WHAT TO PRODUCE:
Leaving out the pictures, transcribe all of the records faithfully.

THE RECORDS:
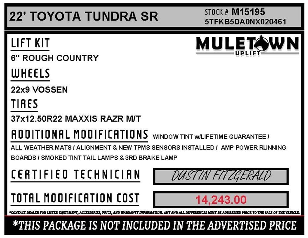 Tundra SR Muletown Uplift 6" Lift w/ 37" Tires, 4D Double Cab, 4WD, 22 Gallon Fuel Tank, Cold Weather Package Delete, Front Fog & Driving Lamp Delete, Front Spoiler Delete, Parking Support Alert/Brake Delete, SR Package, SR Tow Package, Towing Package Delete, Windshield Deicer Delete.
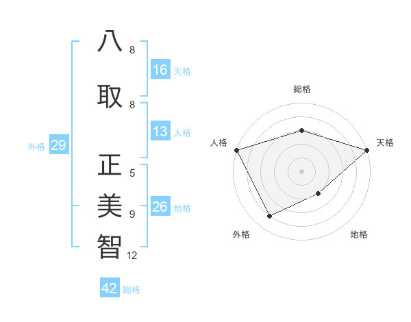 八取 正美智さんの天格は16画の5点!
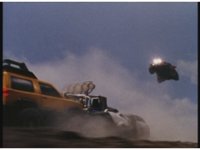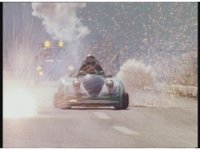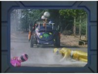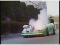 Demon Racer II starts up his car again, driving at the fleeing Rangers while firing off beams that cause fire bursts about. |
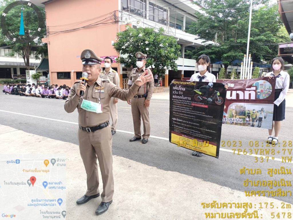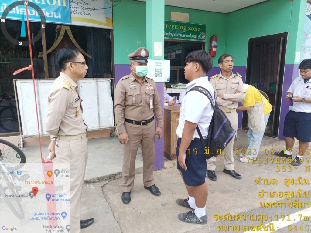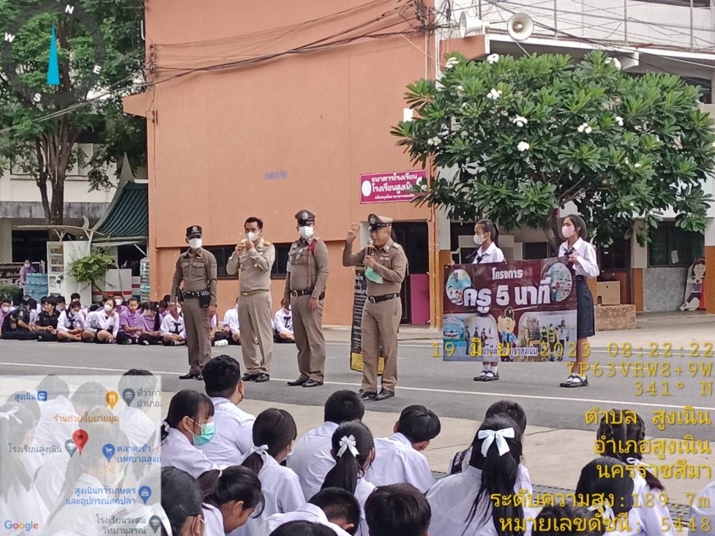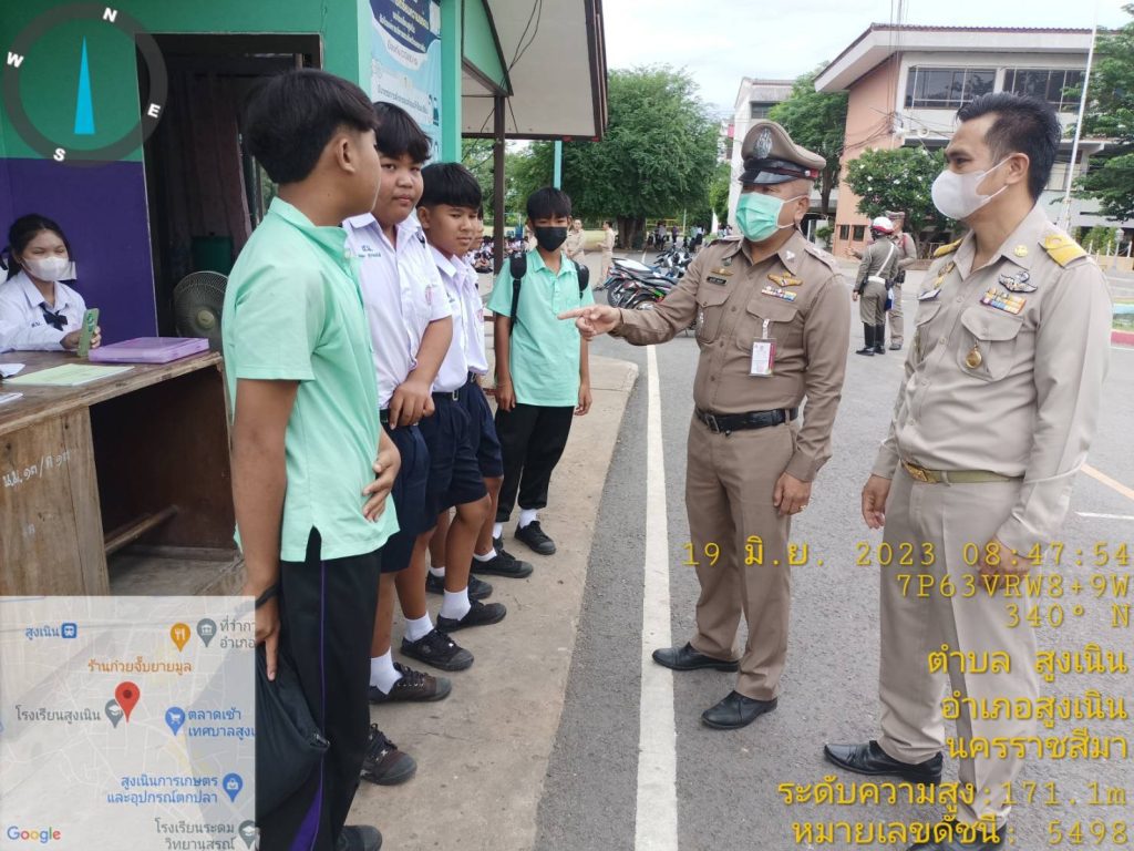วันนี้ 19 มิ.ย 66 เวลาประมาณ 08.30 น. ภายใต้การอำนวยการของ พ.ต.อ.วทัญญู รุ่งรัศมี ผกก.สภ.สูงเนิน, พ.ต.ท.พิทักษ์ วงศ์อาจ รอง ผกก.ป.สภ.สูงเนิน มอบหมายให้ พ.ต.ท.สุระศักดิ์ พันธ์วงศ์ สวป.สภ.สูงเนิน พร้อมด้วย ร้อยเวรป้องกันปราบปรามอาชญกรรม(ร้อยเวร2-0)แสะสายตรวจรถยนต์, ร้อยเวรจราจร(ร้อยเวร6-0)และสายตรวจจราจร ได้เข้าโรงเรียนสูงเนิน ต.สูงเนิน อ.สูงเนิน จว.นครราชสีมา ให้สภ.สูงเนินเข้า เพื่อดำเนินงานโครงการดังต่อนี้
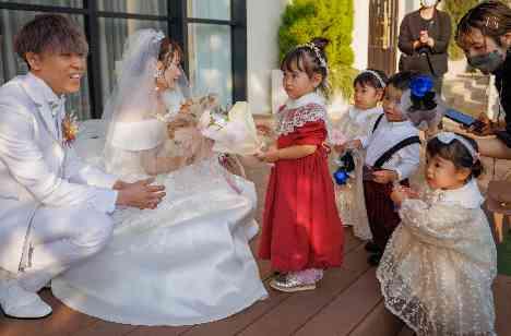 新郎お母さまから「子供たちからふたりにサプライズをしたい」とご希望をいただき、ガーデンセレモニーの際にサプライズをしていただくことになりました。 かわいらしいお子様たちに合わせて、1人1本ずつお花を二人にプレゼントされました。かわいい演出におふたりの周りはとても温かい空間に包まれまれ、周りのゲストの皆様も拍手で祝福されました。
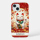 Make a statement with this iphone 15 phone case that features a Lucky Cat with gold coins and flowers around it on a red and gold background. It's modern yet traditional Japanese Maneki-neko is designed to attract good fortune, prosperity and customers into your business. The right paw raised brings money and wealth and the white cat symbolizes general happiness. It becomes uniquely yours with your name in a CAP font in black. Invite luck and prosperity into your life!
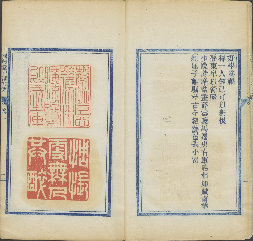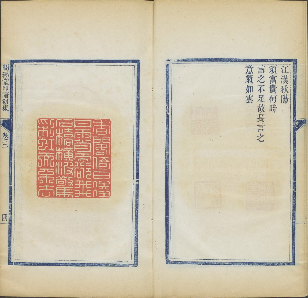 《问经堂印谱》由清代篆刻家包桂生辑录自藏印而成。全书共三集,每集分四卷,每页钤印一方至四方。初集录印三百一十四方; 二集录印二百九十七方; 三集录印三百二十四方。总计有九百三十五方印, 每印均注有释文。

EXERCISE RESPONSE:
 Tundra SR Muletown Uplift 6" Lift w/ 37" Tires, 4D Double Cab, 4WD, 22 Gallon Fuel Tank, Cold Weather Package Delete, Front Fog & Driving Lamp Delete, Front Spoiler Delete, Parking Support Alert/Brake Delete, SR Package, SR Tow Package, Towing Package Delete, Windshield Deicer Delete.
 八取 正美智さんの天格は16画の5点!
 Demon Racer II starts up his car again, driving at the fleeing Rangers while firing off beams that cause fire bursts about. |
วันนี้ 19 มิ.ย 66 เวลาประมาณ 08.30 น. ภายใต้การอำนวยการของ พ.ต.อ.วทัญญู รุ่งรัศมี ผกก.สภ.สูงเนิน, พ.ต.ท.พิทักษ์ วงศ์อาจ รอง ผกก.ป.สภ.สูงเนิน มอบหมายให้ พ.ต.ท.สุระศักดิ์ พันธ์วงศ์ สวป.สภ.สูงเนิน พร้อมด้วย ร้อยเวรป้องกันปราบปรามอาชญกรรม(ร้อยเวร2-0)แสะสายตรวจรถยนต์, ร้อยเวรจราจร(ร้อยเวร6-0)และสายตรวจจราจร ได้เข้าโรงเรียนสูงเนิน ต.สูงเนิน อ.สูงเนิน จว.นครราชสีมา ให้สภ.สูงเนินเข้า เพื่อดำเนินงานโครงการดังต่อนี้
 新郎お母さまから「子供たちからふたりにサプライズをしたい」とご希望をいただき、ガーデンセレモニーの際にサプライズをしていただくことになりました。 かわいらしいお子様たちに合わせて、1人1本ずつお花を二人にプレゼントされました。かわいい演出におふたりの周りはとても温かい空間に包まれまれ、周りのゲストの皆様も拍手で祝福されました。
 Make a statement with this iphone 15 phone case that features a Lucky Cat with gold coins and flowers around it on a red and gold background. It's modern yet traditional Japanese Maneki-neko is designed to attract good fortune, prosperity and customers into your business. The right paw raised brings money and wealth and the white cat symbolizes general happiness. It becomes uniquely yours with your name in a CAP font in black. Invite luck and prosperity into your life!
 《问经堂印谱》由清代篆刻家包桂生辑录自藏印而成。全书共三集,每集分四卷,每页钤印一方至四方。初集录印三百一十四方; 二集录印二百九十七方; 三集录印三百二十四方。总计有九百三十五方印, 每印均注有释文。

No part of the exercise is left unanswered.